When looking at these three stages, you might realize that generating a significant volume of traffic is harder the deeper you are into the content funnel. Getting lots of readers for awareness pieces is easier because the content covered is more "generic" - the topics relate to a multitude of audiences - but the more specific our content gets, the fewer people are searching for it.

This is why having a good content mix is key. You should regularly monitor the performance of your content (especially traffic and time on page) in its respective funnel stages by running content audits to identify "gaps" in your funnel. This also means you need to be able to define where each piece you publish falls in the content funnel.

What we have been seeing with more early stage clients of Draft.dev: Early on, the founding team - working on the technical product itself - creates a few product tutorials, which end up being bottom funnel content. They do this because they need to write product documentation. Out of this product documentation they create product tutorials.

Once they have some of these bottom funnel articles live, they approach Draft.dev to flesh out the rest of the funnel. We set up content plans, conduct research, and present them with suggested articles fitting to their current needs in the content funnel. This way, we slowly start orchestrating a journey that leads readers from top funnel pieces towards the bottom funnel product tutorials the founding team created.

Analyzing your content and content mix

Let's revisit the example of the data warehouse company mentioned earlier. After auditing your published content and seeing where it fits in the buyer's journey, you might realize that you are lacking content aimed at the consideration phase (the middle of the funnel).
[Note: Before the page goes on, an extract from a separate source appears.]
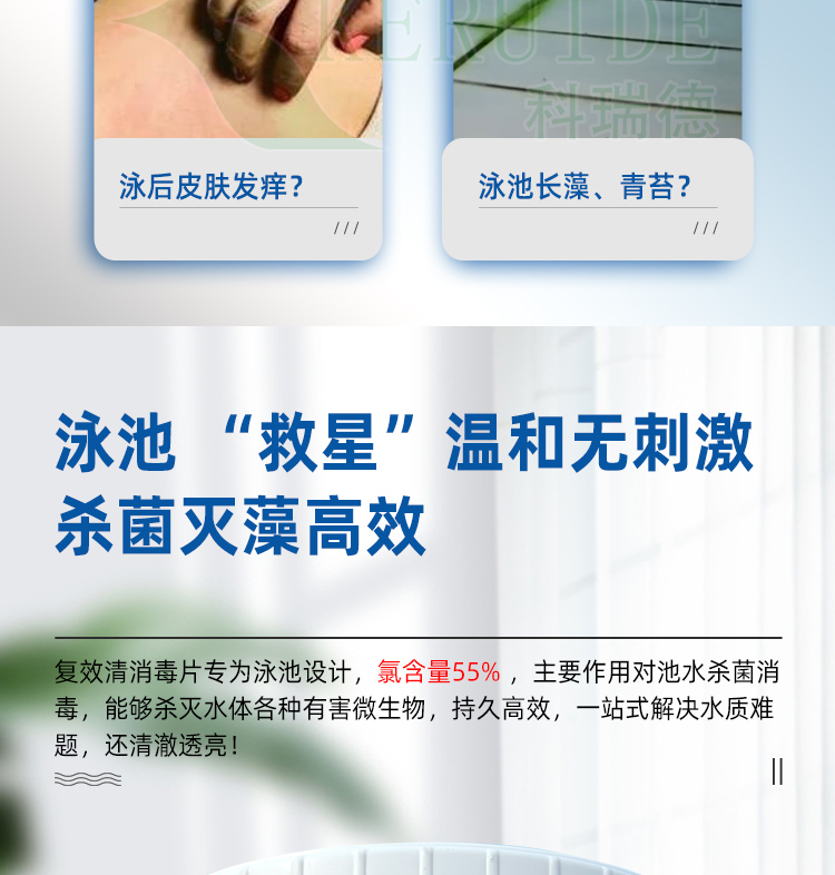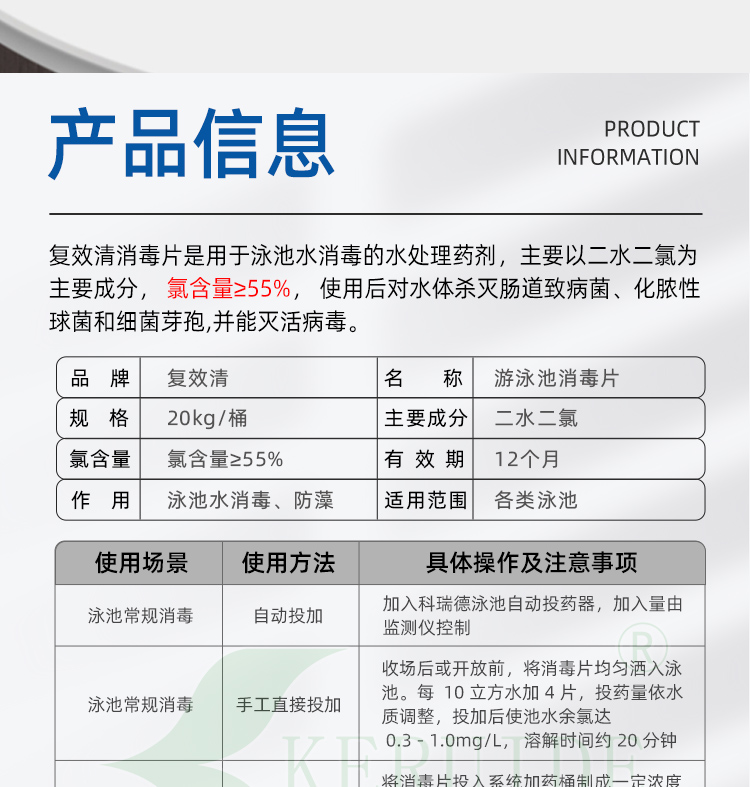 使用范圍:復效清泳池消毒片適用于各類游泳池、水上樂園、水療池、桑拿池、溫泉及景觀池等場所的水體消毒、滅藻,能有效防止游泳池水質發渾、變綠等水質問題。也可以用于以上各類場所的更衣室、洗手間等的消毒除臭。

You brainstorm a few ideas that fit into that stage, run keyword research, define headlines for a few articles, and start producing and optimizing these pieces for your target keywords. This leads you to create middle-of-funnel content like:

  • "Why your traditional data warehouse is not good enough anymore"
  • "Why Reverse ETL is taking over"

You publish these pieces, and now you have a way to move customers through the consideration phase of the funnel.

Intent mapping

This process works, even with completely anonymous visitors, because you know that a reader has "dropped into your funnel" at a specific stage with a specific intent in mind. They entered a search term into their search engine of choice and ended up on one of your blog posts. You know which stage of the funnel that blog post is in, you have other relevant content pieces that you link to from it (ideally pushing the reader further down the funnel), and you can use those pieces to teach users about your product and eventually help them convert into a paying user.

As mentioned earlier, creating a content engine is a science, not an art. Each piece of content you create should be aimed at a specific stage in the funnel. You have the power to orchestrate the journey your readers take and meet them with links to other content pieces and the best calls to action (CTAs).

Creating evergreen content helps you maintain consistent output, establish your authority around a set of specific keywords, and gives you a collection of articles that can be transformed into your first gated asset. This process of content audit, keyword research, strategic content creation, internal backlinks, and intentional CTAs allows you to create a predictable content engine for your business.